‘I’ll be back’, vows veteran Hong Kong district councillor after shock loss to Occupy-inspired candidate
Pro-Beijing Christopher Chung plans to run again, and about 50 supporters of pan-democrat Chui Chi-kin pop champagne outside rival’s office
A newly-defeated pro-Beijing veteran district councillor has told his critics that he will “be back” and seek to regain his seat in the Eastern District Council in 2019.
Christopher Chung Shu-kan, from the Beijing-loyalist Democratic Alliance for the Betterment and Progress of Hong Kong, was defeated by the relatively unknown independent pan-democrat Chui Chi-kin in Yue Wan constituency on Sunday, where he served for 24 years since 1991. Chui was regarded as an ‘Umbrella soldier’ – a candidate inspired by the 79-day Occupy protests last year.
The outspoken pro-Beijing veteran’s defeat shocked his party colleagues, but about 100 supporters of his rival threw a party outside Chung’s district office in Yue Wan Estate in Chai Wan last night to rub salt into his wound. They sang festive songs and opened a bottle of champagne.
READ MORE: Hong Kong’s pro-Beijing veteran Christopher Chung Shu-kun blames election defeat on first-time voters
When asked about the party on a DBC radio programme this morning, Chung said: “I thank them for the ‘encouragement’. I will stand up from where I fell and I’ll be back … I will continue to serve my constituents because I represent Hong Kong Island in the Legislative Council.”
But political commentators raised questions after Chung’s defeat, suggesting the pro-Beijing camp could ask him to give up his seat in the Legco poll next September and let someone else have a go.
Chung admitted he feel pressured to keep his seat: “My party’s chairwoman (Starry Lee Wai-king) was right: those who lost have to improve their work … I will seek [the party’s] endorsement of my bid for re-election, so I will improve, get prepared and show that I am more popular than other potential candidates.”

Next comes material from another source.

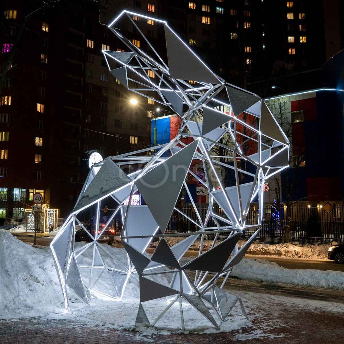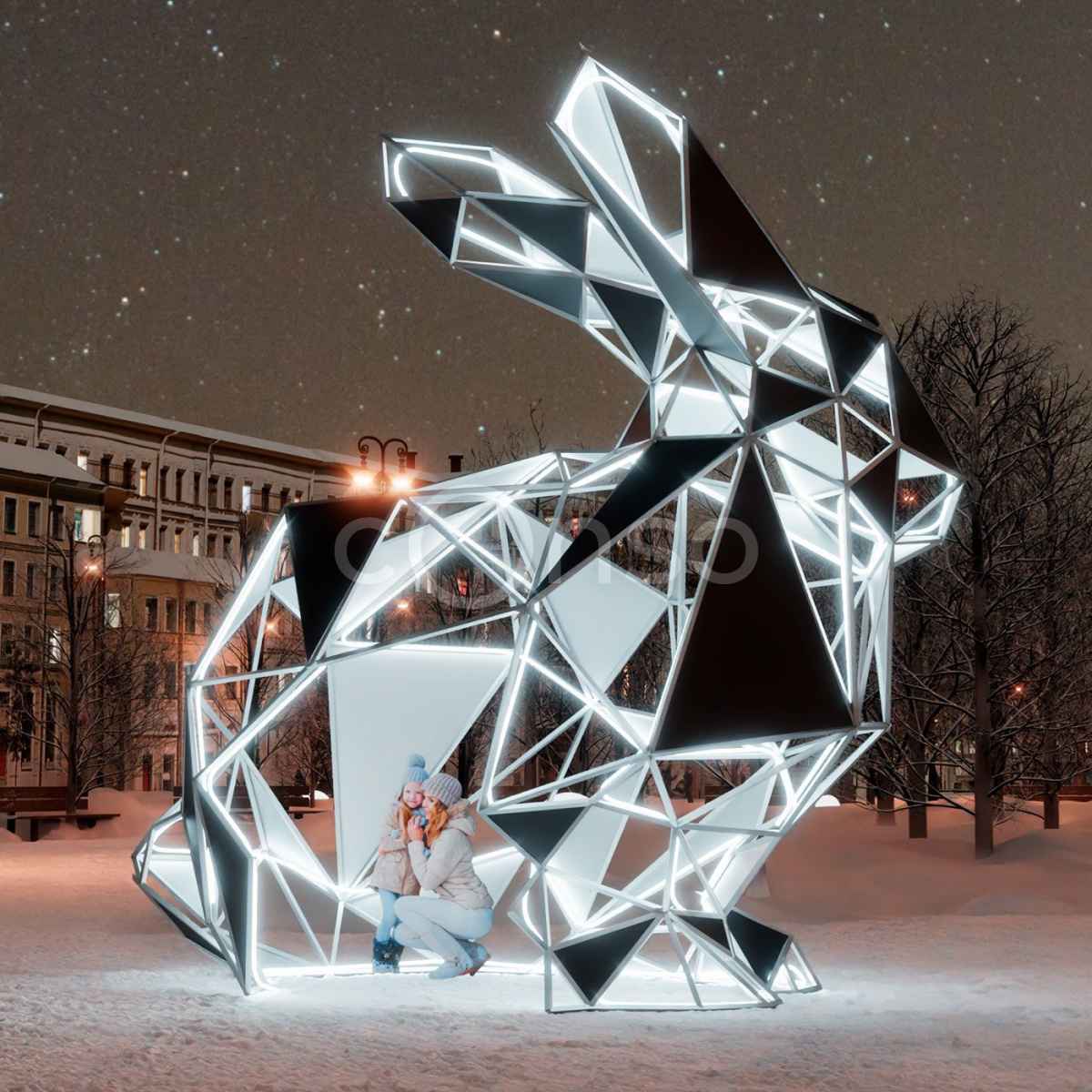 Световая фигура «Серебристый кролик» — это сочетание геометрии, эстетики и атмосферы. Благодаря полигональному дизайну, грани фигуры создают игру света и тени, особенно при внешней подсветке. Серебристое свечение подчёркивает форму и создаёт ощущение лёгкости и движения. Большие габариты (4,92×4,62×3,70 м) позволяют кролику стать центром внимания на площадях, скверах, у ТЦ и фасадов бизнес‑центров.

Chung also reiterated that his defeat was partly because young voters had come out to cast “political votes”, rather than “performance votes” based on what he did in the last two decades. Chui only decided to run at the end of the nomination period last month.
However, he appeared to have little idea yet on how to win over young voters.
“We will work on them … But I will try to secure my votes first because people’s work is long term, and its not just something you can do, it’s related to their development and school education.”
READ MORE: Record turnout for Hong Kong’s district council elections; two pan-democratic big guns out, three new pro-Occupy candidates win
While Chung’s DAB colleagues had been relatively defensive the councillor’s defeat, some of his pro-establishment allies appeared more critical.
Speaking separately on DBC, independent pro-establishment lawmaker Paul Tse Wai-chung launched a veiled attack on Chung, and said some district councillors’ public image could have cost them their seats.
“If many things you did just made you out to be a laughingstock, moderate voters might have negative feelings about you,” the newly-elected Wan Chai district councillor said.
Before Sunday’s election, Chung was ridiculed after his election pamphlets misspelled his name “Chirs”, an error for which he blamed the printing firm.